Slovenia Drug Product Registration

Process

Preclinical Studies

Extensive laboratory and animal studies are carried out to evaluate a drug’s safety and effectiveness before to trying it on humans.

Clinical Trials 

A medicine is put through human clinical trials if preclinical research yields encouraging findings. There are various stages to these trials:

Phase I: Small-scale research to evaluate dose and safety in healthy participants.

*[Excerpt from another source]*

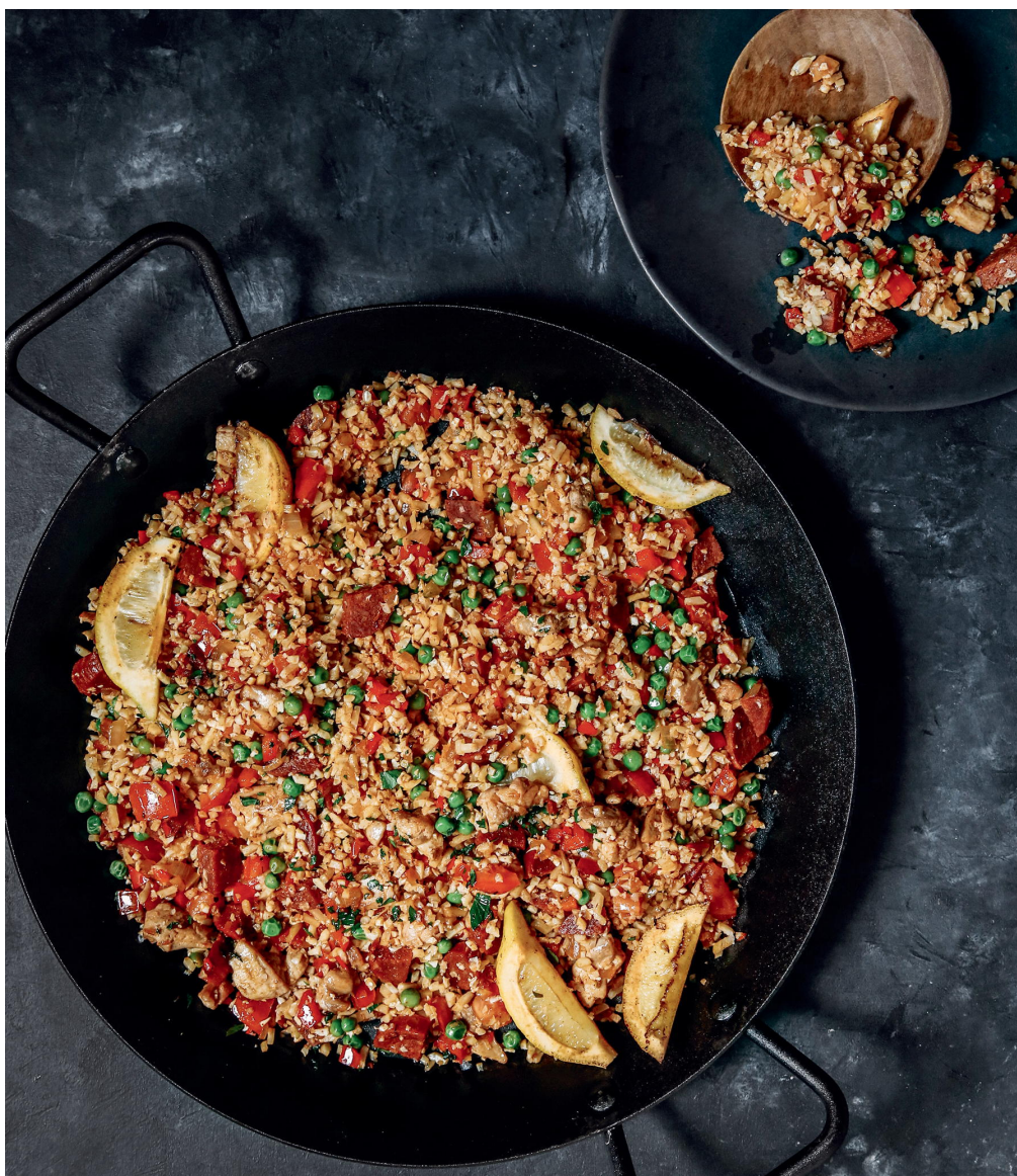
Chorizo and Chicken Paella

Phase II: Extensive patient trials to gauge safety and effectiveness further.

Phase III: Extensive patient trials to verify effectiveness, track side effects, and assess how well the medication works in comparison to current therapies.

Application Submission 

Following the successful conclusion of clinical trials, the pharmaceutical company applies to JAZMP for marketing permission.

JAZMP Evaluation  

The application and the results from clinical and preclinical investigations to see if the medication satisfies quality, safety, and efficacy requirements. A group of specialists comprising statisticians, doctors, and pharmacologists may be involved in this assessment.

Approval Decision

JAZMP decides whether to accept or deny the marketing authorization application considering the evaluation. The medication may be sold and delivered in Slovenia if it is approved.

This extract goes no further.